Jane Allan

Suffragette

Jane (Janie) Allan (1868–1968) was a militant suffragette and socialist, and, as the daughter of a wealthy, philanthropic Glasgow shipping family, one of the most important financial supporters of the women's suffrage campaign.

When her parents, Jane Smith and Alexander Allan married in 1854, they united the Smith family of shipbuilders and the Allan Line, founded by Janie's grandfather, of which her brother, Robert S. Allan, was later a partner. Like her parents, she was a member of the Independent Labour Party. She edited the woman's suffrage column in the socialist paper Forward and in 1902 was on the executive committee of the Glasgow and West of Scotland Association for Women's Suffrage. She defected to the Women's Social and Political Union (WSPU) in 1907. When some members broke away to form the Women's Freedom League, she remained with the WSPU but gave financial support to both organisations. 1

Her militant activity included participation in a window-smashing raid in London that resulted in a four-month sentence in Holloway prison in 1912. She described the effects of force-feeding on her health in a letter: 'Holloway in 1912 for one week. I did not resist at all, but sat quite still as if it were a dentist's chair, & yet the effect on my health was most disastrous. I am a very strong woman & absolutely sound in heart & lungs, but it was not till 5 months after, that I was able to take any exercise.' 2

She refused to pay her taxes in 1913, arguing that if women were not entitled to the vote then they should not be required to be taxed. She was present at the riotous public meeting at St Andrews Halls, Glasgow on 9 March 1914, when a total of 161 police officers, many in plain clothes, were sent to arrest Mrs Pankhurst on the platform. 3 Allan, 'tall and handsome in a black velvet evening gown', was the woman mentioned in the Glasgow Herald article the following day, which described how 'In the course of the melee, the excitement was intensified by a woman firing several blank rounds from a revolver'. 4 Allan afterwards campaigned unsuccessfully for an enquiry into the police actions, which had met with criticism even from quarters unsympathetic to the cause.
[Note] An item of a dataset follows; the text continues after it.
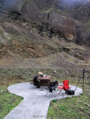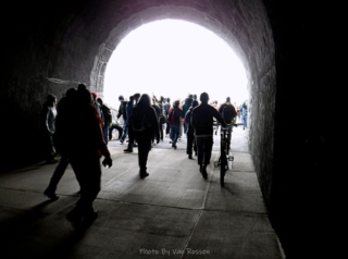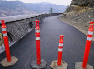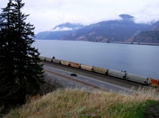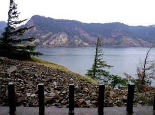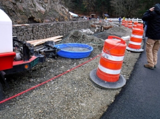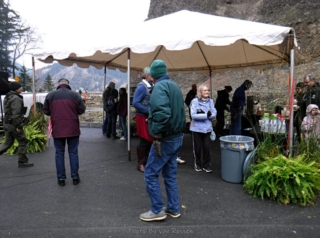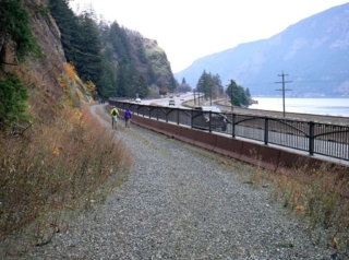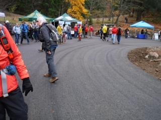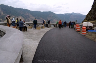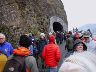 A different kind of hike. Today was the official dedication of the new Mitchell Point Tunnel, part of the Historic Columbia River Highway restoration. To make it more interesting I decided I would hike part of the finished and still in progress sections of the highway to the tunnel. I started at Starvation Creek State park to avoid the crowds at Viento State Park the official parking spot. I was surprise to run into Ted from the Rambles who had the same idea. Ted brought his bike and hoofed it over to Mitchell Point. The dedication had some nice trapping with dignitaries like congressman Peter DeFazio who helped get federal funding for the project. After the waiting and speeches we all gathered to enter the tunnel after the ribbon was cut. The most interesting part was feeling the change of mood as this mass moved into the tunnel from daylight and into total darkness a sense of panic. We all just stumbled along until we go light from the first window. After going through and back on the tunnel it was time to hike back to my car. Total walking distances out and back 10.5 miles.

At the beginning of the Second World War, she gave money to establish the Women's Hospital Corps and became active in the Scottish Council for Women's Trades. She remained a committed socialist and feminist, seeking to improve women's welfare and status through various means until her death in 1968. 5

Notes:

1: 'Janie Allan', in Elizabeth L. Ewan, Sue Innes, Sian Reynolds, Rose Pipes, eds, The Biographical Dictionary of Scottish Women, Edinburgh: Edinburgh University Press, 2006, p.11.

2: 'Miss Janie Allan's Suffrage Material', National Library of Scotland, Acc. 4498/2.

3: Elizabeth Crawford, The Women's Suffrage Movement: A Reference Guide, 1866–1928, London: Routledge, 2000, p. 510.

4: From Gertrude Harding's diaries, quoted in Gretchen Wilson, With All Her Might: The Life of Gertrude Harding, Militant Suffragette, New York: Holmes & Meier, 1998, p.150; Glasgow Herald, 10 March 1914, p. 8.

5: 'Janie Allan', in Elizabeth L. Ewan, Sue Innes, Sian Reynolds, Rose Pipes, eds, The Biographical Dictionary of Scottish Women, Edinburgh: Edinburgh University Press, 2006, p. 11.